- [TASK OBJECTIVE]: From the line that contains "순회하는 차량행진을 진행했다." through the last line of the data, copy everything exactly and nothing else, omitting the pictures.

- [EXERCISE DATA]:

◆ ◆ ◆ ◆

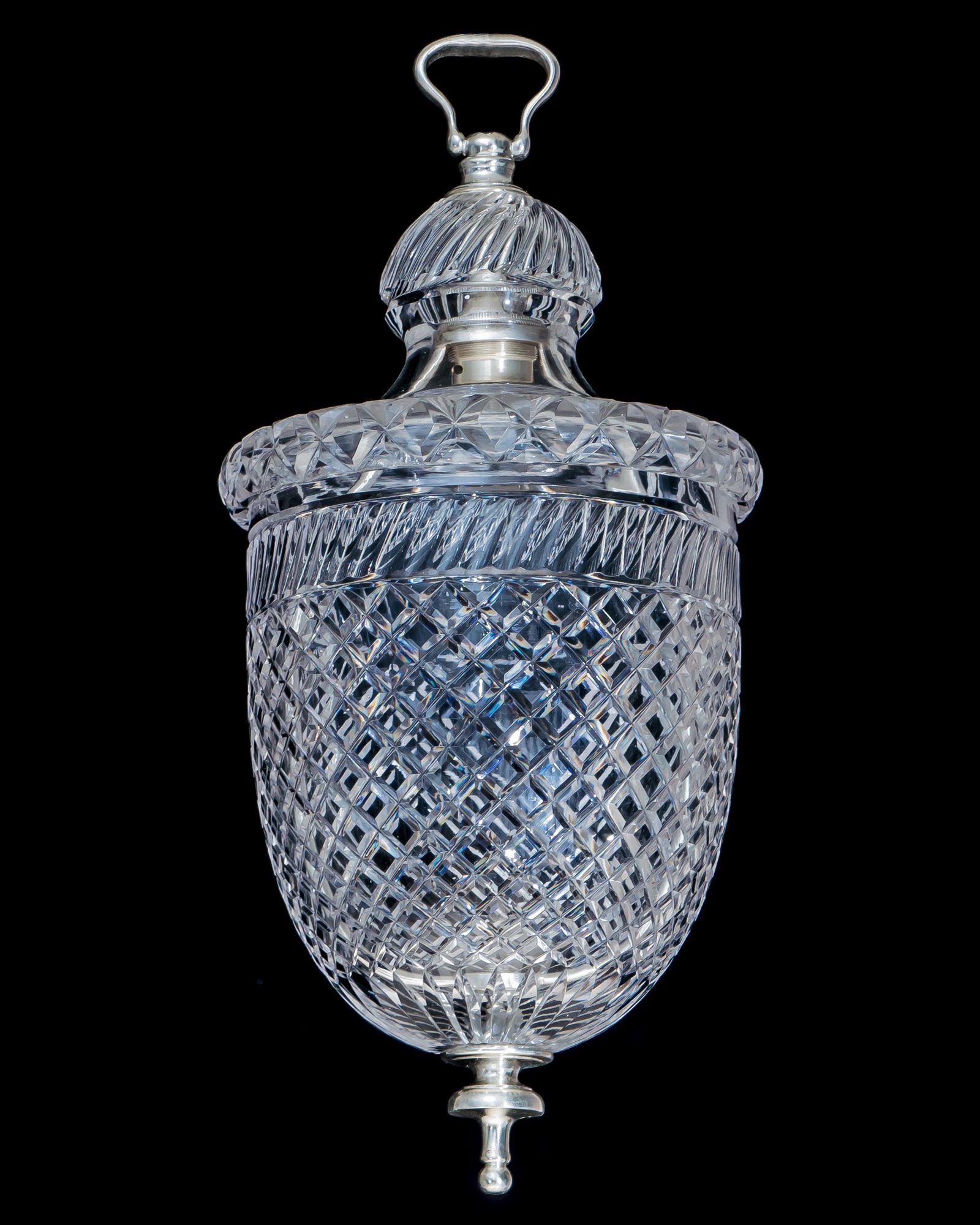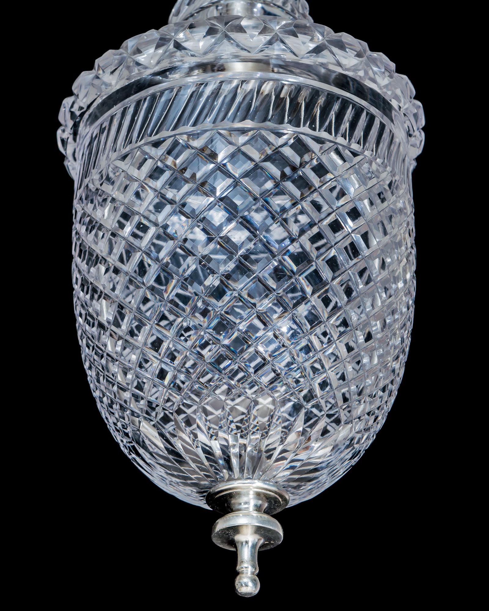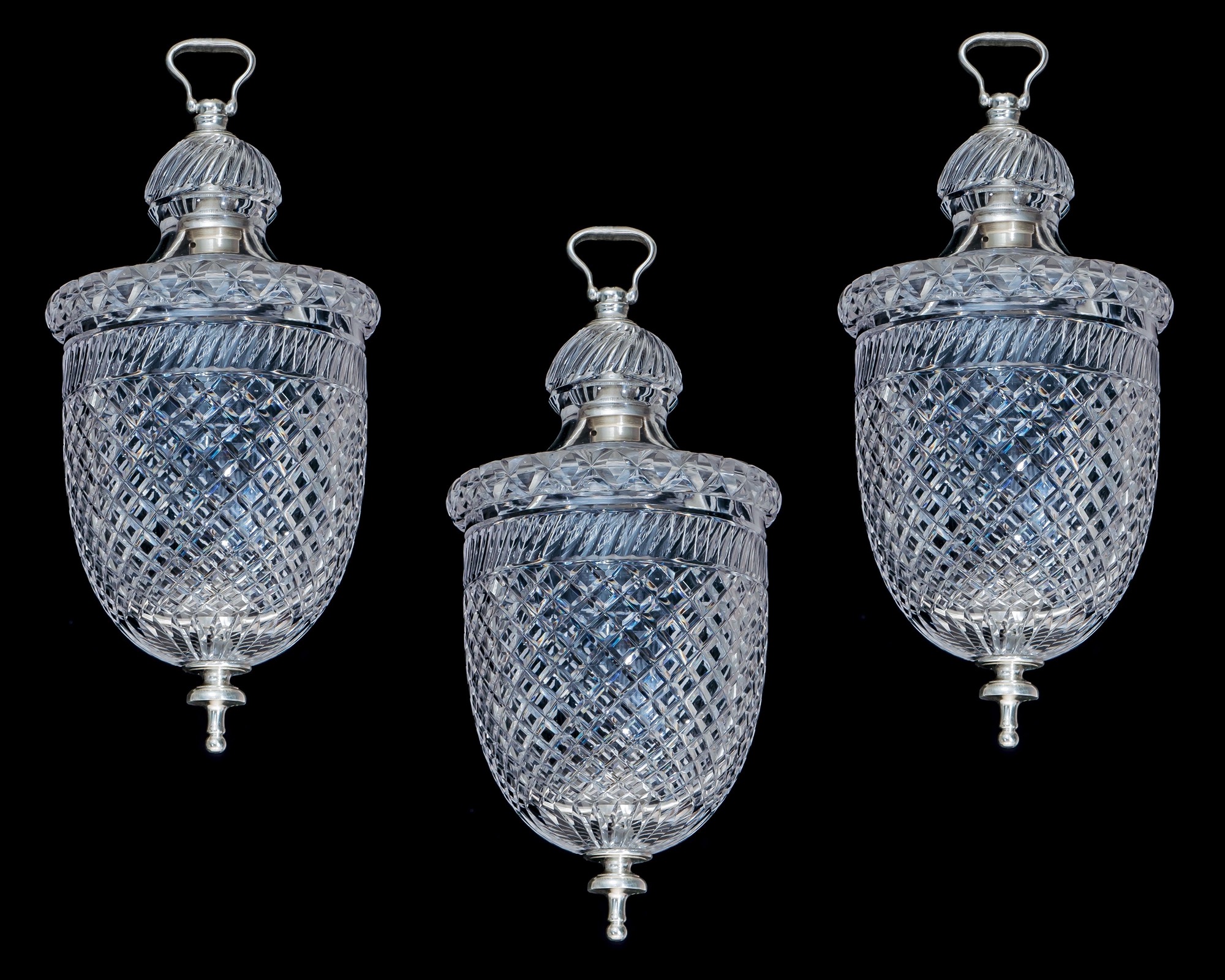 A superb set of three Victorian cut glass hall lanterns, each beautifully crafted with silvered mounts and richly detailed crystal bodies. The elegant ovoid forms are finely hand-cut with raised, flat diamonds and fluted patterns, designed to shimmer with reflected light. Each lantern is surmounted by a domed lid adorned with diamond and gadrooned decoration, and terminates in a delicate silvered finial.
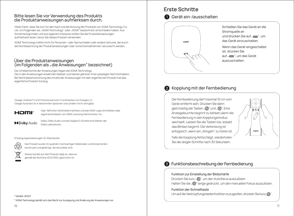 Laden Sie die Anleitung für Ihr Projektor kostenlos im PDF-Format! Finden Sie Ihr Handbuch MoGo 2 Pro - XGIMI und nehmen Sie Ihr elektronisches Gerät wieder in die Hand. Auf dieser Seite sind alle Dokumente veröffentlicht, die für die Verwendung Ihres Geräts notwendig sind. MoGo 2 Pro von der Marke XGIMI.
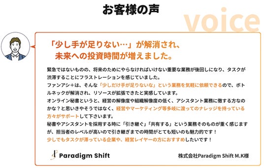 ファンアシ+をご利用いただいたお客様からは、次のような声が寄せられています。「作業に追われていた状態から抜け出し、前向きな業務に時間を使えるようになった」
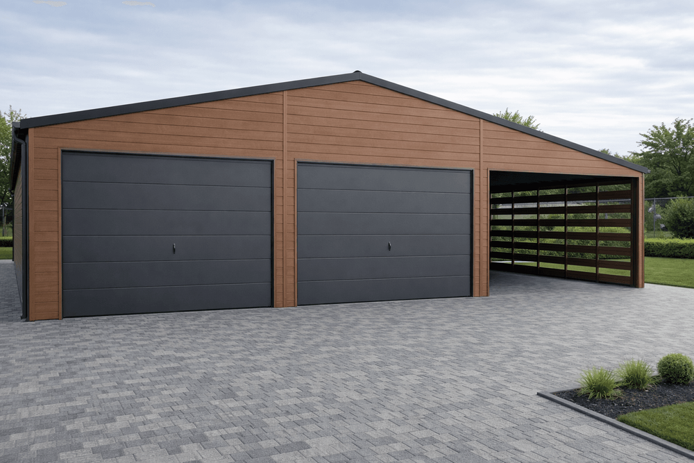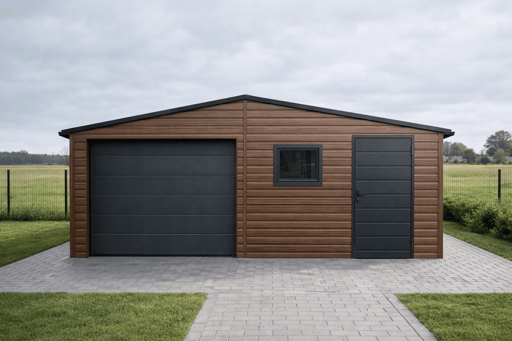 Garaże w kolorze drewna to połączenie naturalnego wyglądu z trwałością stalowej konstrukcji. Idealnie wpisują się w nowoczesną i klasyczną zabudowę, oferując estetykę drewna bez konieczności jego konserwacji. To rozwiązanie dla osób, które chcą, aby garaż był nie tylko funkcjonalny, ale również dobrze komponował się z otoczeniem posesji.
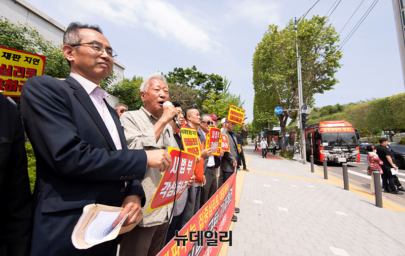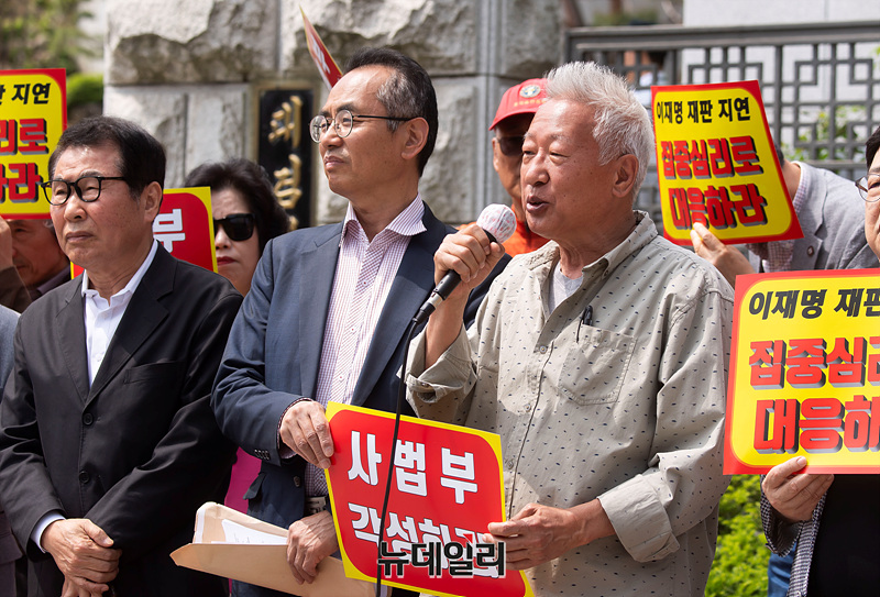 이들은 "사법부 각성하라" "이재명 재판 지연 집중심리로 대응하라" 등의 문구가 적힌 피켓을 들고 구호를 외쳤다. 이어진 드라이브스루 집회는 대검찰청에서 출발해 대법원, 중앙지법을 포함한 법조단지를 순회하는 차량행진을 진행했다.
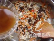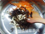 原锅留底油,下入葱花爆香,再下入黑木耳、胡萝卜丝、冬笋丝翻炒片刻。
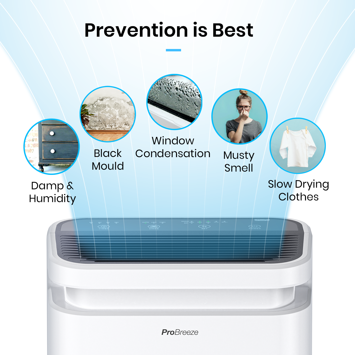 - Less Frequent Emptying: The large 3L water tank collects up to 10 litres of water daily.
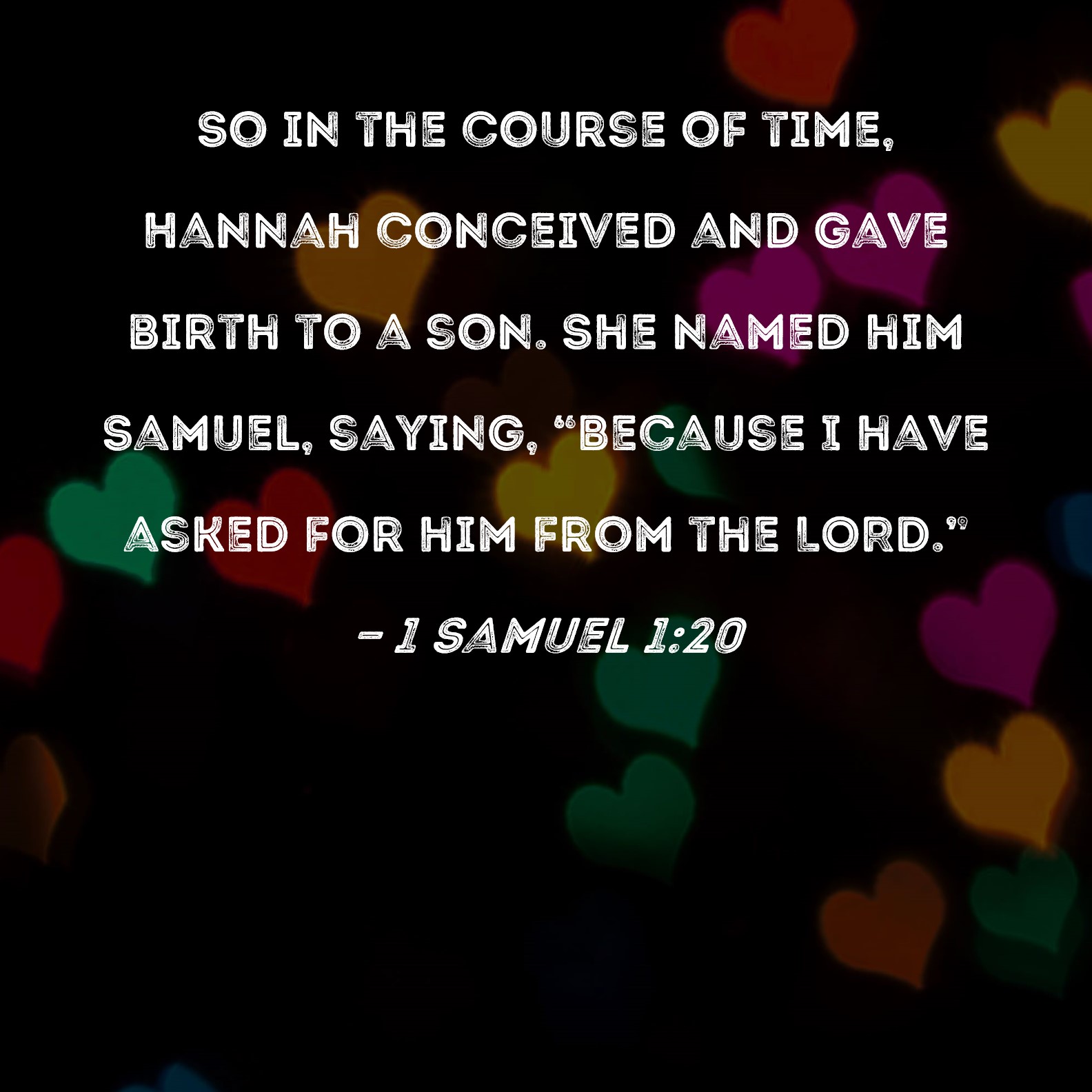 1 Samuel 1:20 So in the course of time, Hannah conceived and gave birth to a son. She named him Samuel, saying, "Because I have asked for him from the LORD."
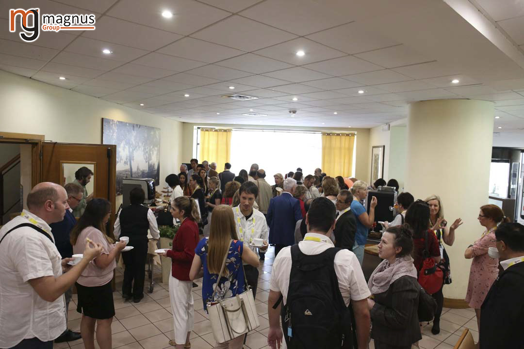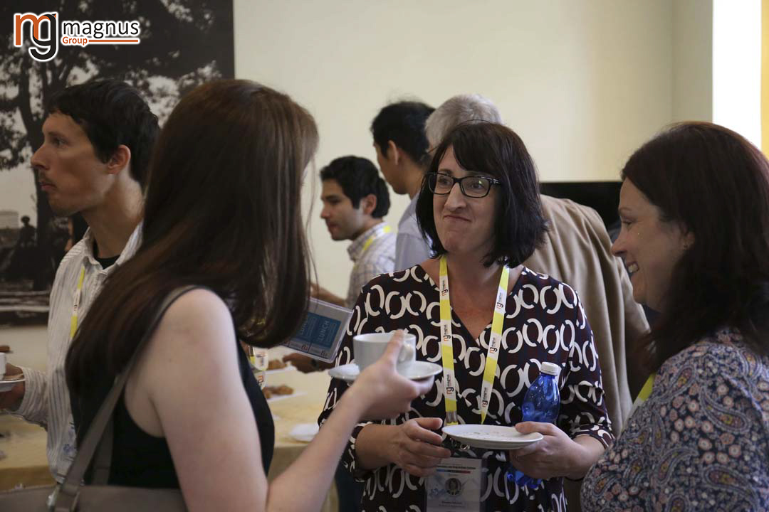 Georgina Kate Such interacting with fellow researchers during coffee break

◆ ◆ ◆ ◆

- [OUTPUT OF THE TASK]:
 이들은 "사법부 각성하라" "이재명 재판 지연 집중심리로 대응하라" 등의 문구가 적힌 피켓을 들고 구호를 외쳤다. 이어진 드라이브스루 집회는 대검찰청에서 출발해 대법원, 중앙지법을 포함한 법조단지를 순회하는 차량행진을 진행했다.
 原锅留底油,下入葱花爆香,再下入黑木耳、胡萝卜丝、冬笋丝翻炒片刻。
 - Less Frequent Emptying: The large 3L water tank collects up to 10 litres of water daily.
 1 Samuel 1:20 So in the course of time, Hannah conceived and gave birth to a son. She named him Samuel, saying, "Because I have asked for him from the LORD."
 Georgina Kate Such interacting with fellow researchers during coffee break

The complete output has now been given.